Reconciliation of religion with his eventual profession wasn’t difficult. Certain Moslem sects viewed the killing of each infidel as bringing oneself another step closer to Paradise. Puckins’s attitude toward dispatching communists was analogous, but not quite so simple. In its essence, communists were anti-God, therefore Puckins was anti-communist.

Furthermore, or perhaps as a logical progression from his religious convictions, Puckins was a bedrock family man devoted to his wife and squad of kids. He showed a strong feeling for children in general, and they for him. There’s an old saw that men in sapper or demolition units are either mad, married, or Methodist. Since madness is relative and I was a member of the same unit, I would have no way of judging that point, but as to the latter two categories, Puckins was very much married and very nearly Methodist.

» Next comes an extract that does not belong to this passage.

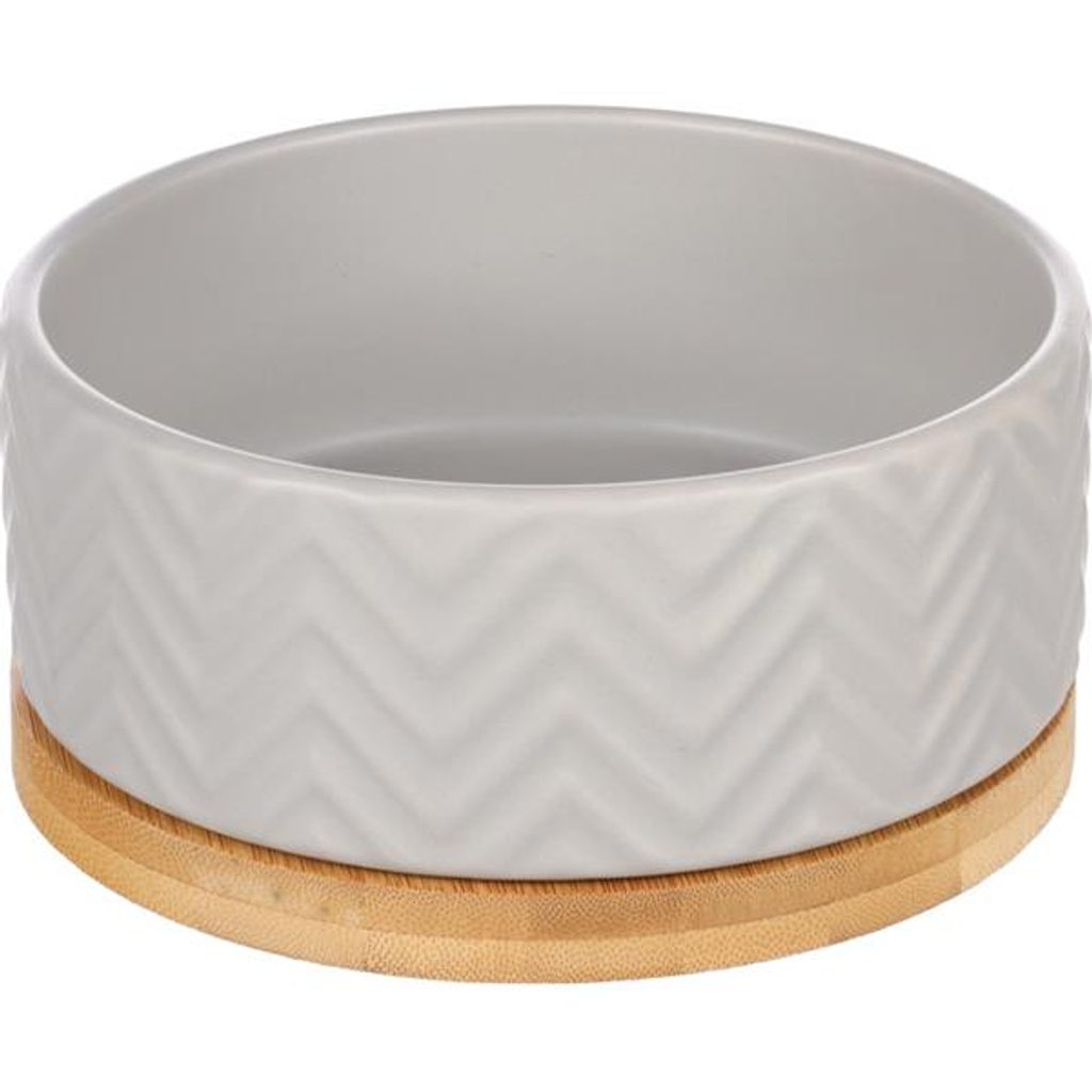 Miska keramická Bianco šedá 990ml Flamingo Miska keramická Bianco šedá 990ml Flamingo Elegantní nádoba na suché i vlhké krmivo nebo na vodu se skládá ze dvou částí: glazovaná keramická miska je vložená do bambusového podkladu. Miska má protiskluzové dno a její keramickou část lze mýt v myčce na nádobí. Rozměry (cca): O 16 cm, výška keramické misky 6,6 cm, celková výška 7,7 cm Objem: 990 ml Materiál: keramika, bambus Barva: šedá

The Korean stewardesses alternately hovered and darted about the aisles with gracious laughter and the tinkle of glass.

FRAZER

YOKOHAMA

FITZROY

HARARE ZIMBABWE

REGRETS STOP ON TO DEAL OF CENTURY POSSIBLE ACQUISITION PRECIOUS STONES STOP MAY NEED ASSISTANCE SOON STOP STAY AVAILABLE STAY HEALTHY

JACK

I had known Fitzroy in Vietnam, too. He had been an outstanding trooper with the crack Australian Special Air Service. His tracking ability was legendary—from a heel print he could give you race, religion, and blood type. I had hoped to use his skills in reverse in Siberia perhaps to elude or confuse trackers.

FRAZER

YOKOHAMA

DRAVIT

MANCHESTER ENGLAND

AFFIRMATIVE COLD CLIMES RAIDING STOP QUERY DESPOILING ANTARCTIC WEATHER STATION COMMA TIBETAN STRONGHOLD OR BIRDSEYE FOOD FACTORY

HENRY

Captain Dravit, formerly of the Royal Marines would be my second-in-command and likely the oldest member of the raiding party. His steadfast competence was often downright unnerving, but hardly surprising from a gardener’s son who’d worked his way up through the ranks. Barely five foot four inches tall in jump boots, he sported a first-rate handlebar, which had become something of a trademark.

Bantams like Henry Dravit were worth a herd of football linemen in a tight spot, and his record bore the fact out. His baptism of fire had been in the frosty over-the-beach raids of the Korean War. On one occasion, his entire party wiped out and his dry suit shredded by shrapnel, he inadvertently crawled into a North Korean automatic-weapons position, His dubious luck further brought him into one of the first brainwashing experiments. This he found mildly amusing—until things went sour and they threatened to pull out his mustache with pliers. After which they promised to work on other portions of his anatomy.

“Nasty bit of work. After a while a mustache sort of grows on you, seems to me,” he once told me with a laugh. A well-developed sense of irony spiced his conversation.

The next day two North Korean guards were found, their heads twisted northbound and their bodies oriented southbound. Dravit, his mustache, and all his moving parts were gathering momentum southbound. Dravit, then Corporal Dravit, had begun his epic end run from Wonsan to the Funchilin Pass through the entire North Korean army and part of the Chinese. Keeping below ridgelines and moving only at night, he was to skulk three hundred miles in fifteen days, gain two pounds, and retain his mustache.